The temptation to deny the boy both of those choices rose from his chest and choked off his breath. It forced him to remain silent when all he wanted to do was convince Terin to do what Blaise thought was best.
“Why?” Terin whispered.
At first Blaise thought he imagined the whispered question, but the pair of eyes focused on him convinced him otherwise. The faint rings of blue and red tainting the green eyes faded away even as he met the inquisitive gaze.
“Why do I need a reason to help someone?” he answered.
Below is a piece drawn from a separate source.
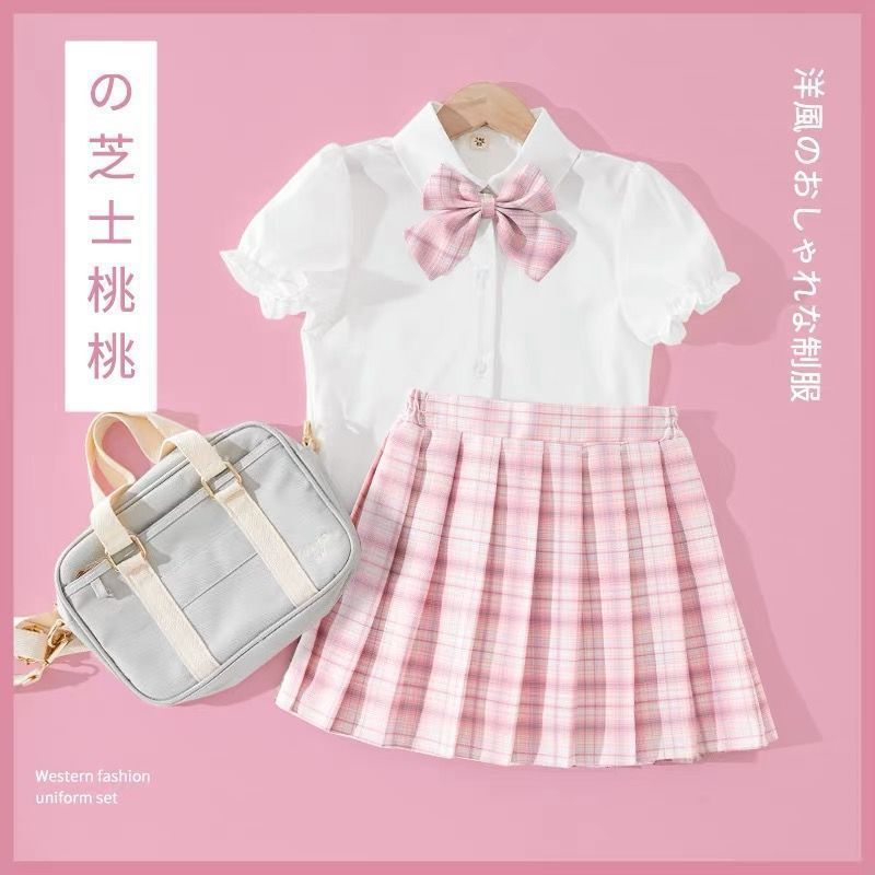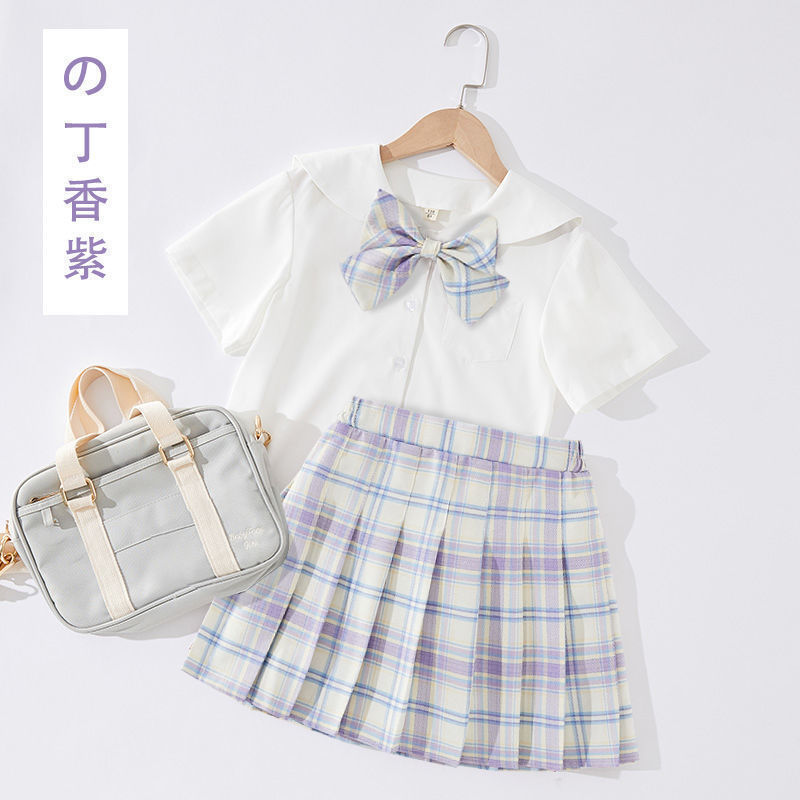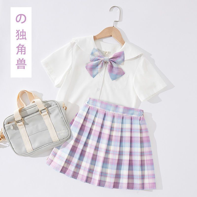 Jk 유니폼 소녀 정장 여름 신작 어린이 일본 대학 반팔 흰색 셔츠 격자 무늬 스커트 투피스 세트

It was the only thing Blaise could say without revealing the truth. Later, he could teach the boy the terrors of being Lucin’s host, and being the only person alive with any real hope of finding the Eye of God.
It made him no better than the two men who possessed the Hand. It made him no better than the Emperor who held the Heart.
That, too, Blaise would explain to Terin—in time. If they got that time.
“No one’s that nice,” the boy whispered.
“You’re right. I don’t know anyone like that—never have. Probably never will. I have things I want to accomplish. Having your help would make it a lot easier. I don’t want to see you put back in the Emperor’s hands. He’ll use you, and a lot of people will die because of it. I don’t want that, even if some of them deserve it,” Blaise said, rocking back on his heels, but careful to keep his supporting hand in place. The boy still trembled, and he wasn’t sure if he could let go without risking him falling. “I don’t want to force you.”
“What if I choose to die?”
The emotionless tone tore at Blaise’s heart. It was a question he couldn’t understand. What was it like to worry or hope for death?
Was it a little like a human’s ability to love unconditionally because they didn’t live long enough to truly weary of the objects of their affection?
Few things survived the true test of time, and an individual often didn’t. People changed in their short lives.
“Then I’ll give you the sweetest death possible, and send you to His garden resplendent in glory,” Blaise whispered, and hated himself for speaking the truth, and for giving his word.
Blaise didn’t change, and his word was never broken. Once given, he couldn’t take it back. All he could do was regret it for eternity.
“You’re telling the truth.”
“I am.”
“Blaise doesn’t lie,” Aria said from the doorway, in the old tongue. “But I’d ask of you to consider any option but that one.”
Terin’s baffled expression saved Blaise from his anguish. It held back the turbulent emotions within him. He forced a smile. “She wants you to reconsider that choice.”
“I wasn’t considering it.”
Blaise’s hand dropped from the boy’s back and he couldn’t manage to hide his scowl. Aria’s laughter was one of relief.
“Cheeky,” she said, still in the ancient language of her birth. The woman met his eyes, and he hesitated at her sad expression.
“I’m relieved to hear that,” he admitted. “What do you want to do?”
“What will happen to the girl?” Terin asked, twisting around to stare through the dolls in the shop in the direction of the dark bedroom.